The dueling rallies in Los Angeles on March 1, 2026, captured the full spectrum of Iranian American reaction to Khamenei’s death. Thousands celebrated in Westwood, carrying pre-revolutionary flags and chanting for a free Iran, while a smaller but vocal group protested at City Hall, warning of the human costs already evident in the deaths of three U.S. service members.

The division reflects not a disagreement about the nature of the Islamic Republic, but a fundamental dispute about how it should end and what should replace it. What happens next in Iran — the succession process, the stability of the regime’s remaining institutions, the trajectory of military operations — will determine whether March 1 is remembered as the beginning of Iranian liberation or the opening act of a prolonged and costly conflict. For the largest Iranian community outside of Iran, the stakes could not be higher, and the uncertainty could not be more acute.

Frequently Asked Questions

Why did Iranian Americans rally in Westwood specifically?

Westwood, sometimes called “Tehrangeles,” is home to the largest concentration of Iranian Americans in the United States. The Westwood Federal Building at 11000 Wilshire Boulevard has served as a traditional gathering point for Iranian diaspora protests and celebrations for decades.

How was Khamenei killed?

Ayatollah Ali Khamenei was killed on February 28, 2026, in joint U.S.-Israeli military strikes targeting Iran’s nuclear and missile programs. The CIA provided intelligence on the locations of Iranian leaders. Trump announced the death first, with Iranian state television confirming hours later and formal government confirmation on March 1.

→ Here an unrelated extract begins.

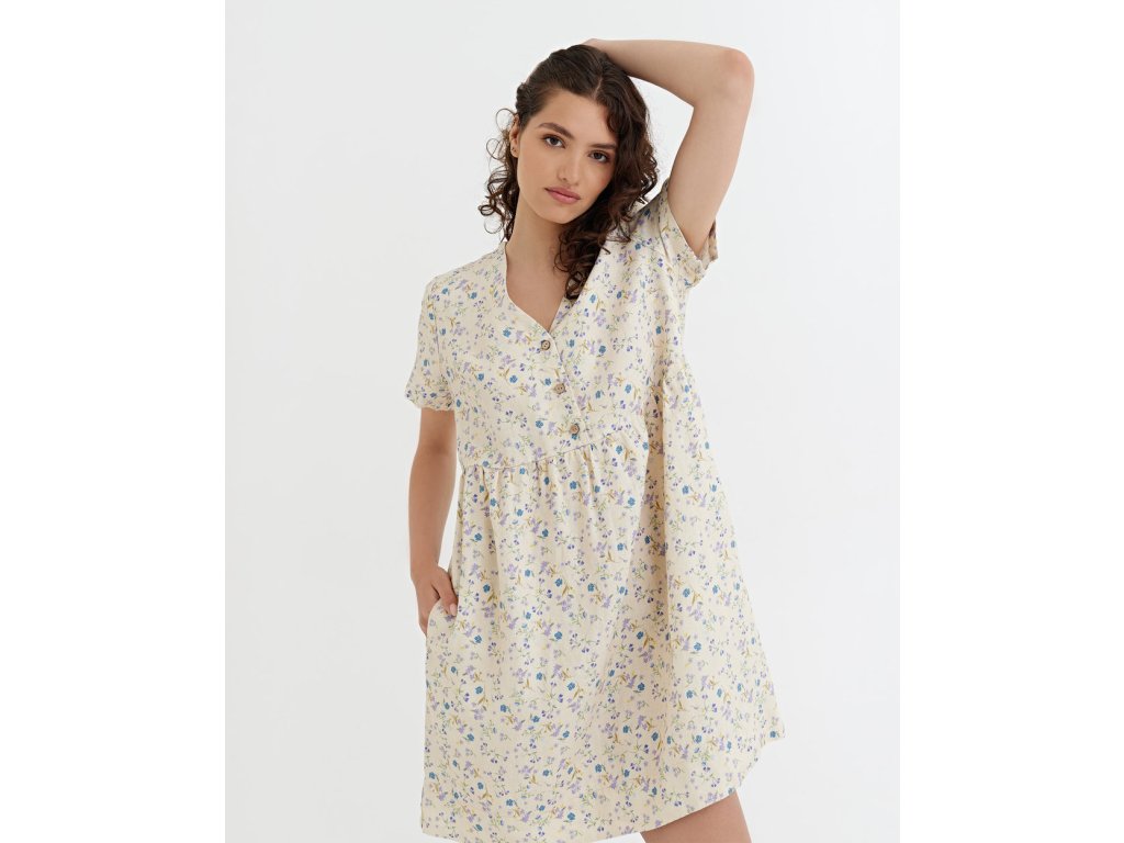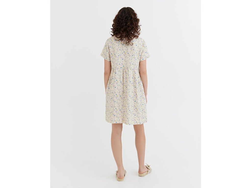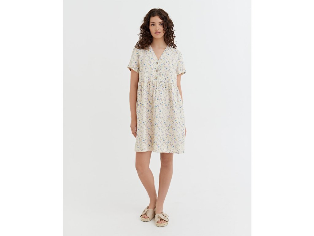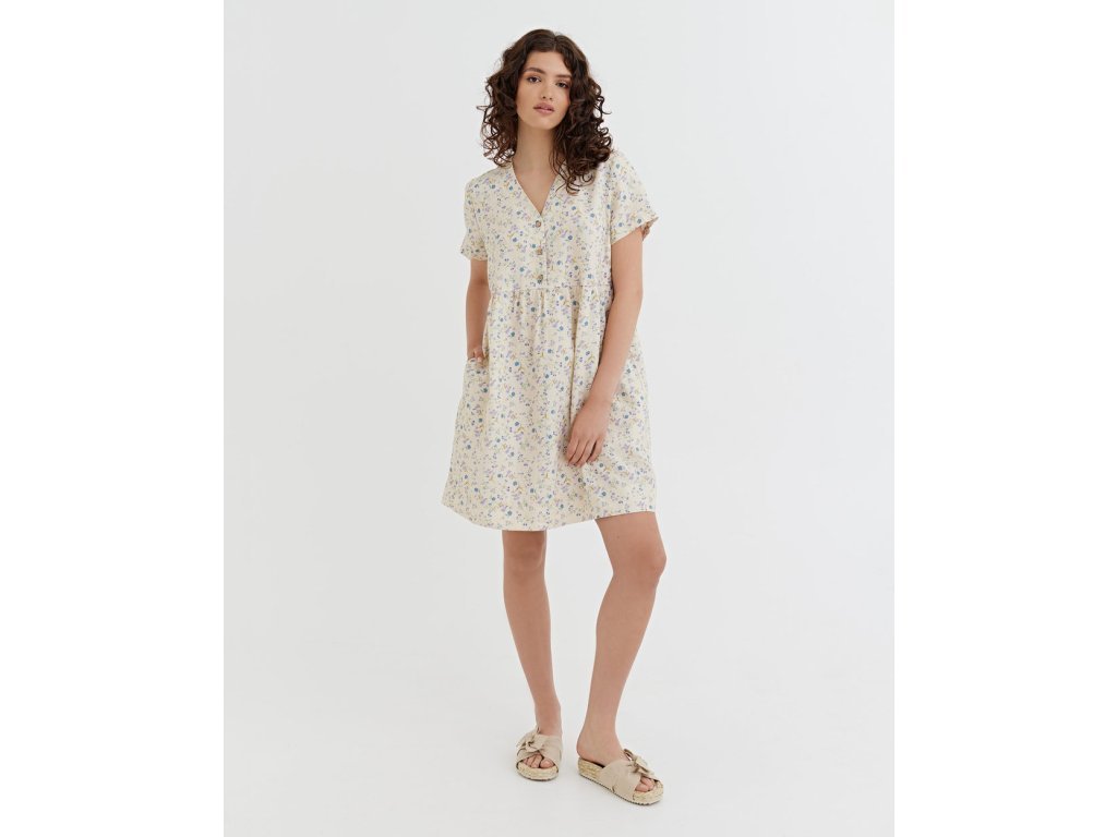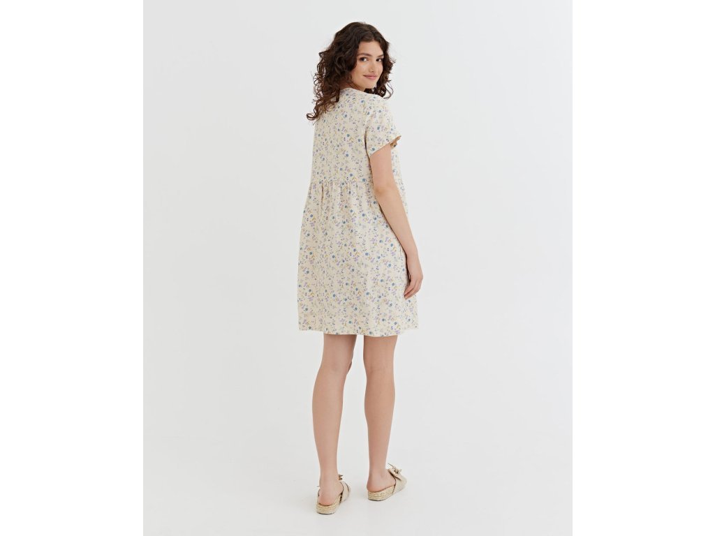 Midi lněné šaty MACEIO s drobnými květy

Were there American casualties in the Iran strikes?

Yes. At least three U.S. service members were killed during the military operation, according to confirmed reports. This became a central point of contention for protesters who opposed the strikes.

Who is Reza Pahlavi, and why were demonstrators chanting his name?

Reza Pahlavi is the son of Mohammad Reza Shah Pahlavi, the last Shah of Iran who was deposed in the 1979 Islamic Revolution. Some segments of the Iranian diaspora support a restoration of constitutional monarchy under his leadership, though this position is not universally shared among regime opponents.

What happens to Iran’s government now that the Supreme Leader is dead?

Under Iran’s constitution, an interim three-member council — consisting of the president, head of the judiciary, and a Guardian Council jurist — assumes leadership duties until the Assembly of Experts appoints a new Supreme Leader. However, whether this process will function normally under the current circumstances remains highly uncertain.

Were the L.A. rallies peaceful?

Yes. Both the pro-freedom rally in Westwood and the anti-war protest at City Hall were peaceful gatherings. LAPD’s road closures around the Westwood Federal Building were a crowd-management response to the large turnout, not a response to any violence.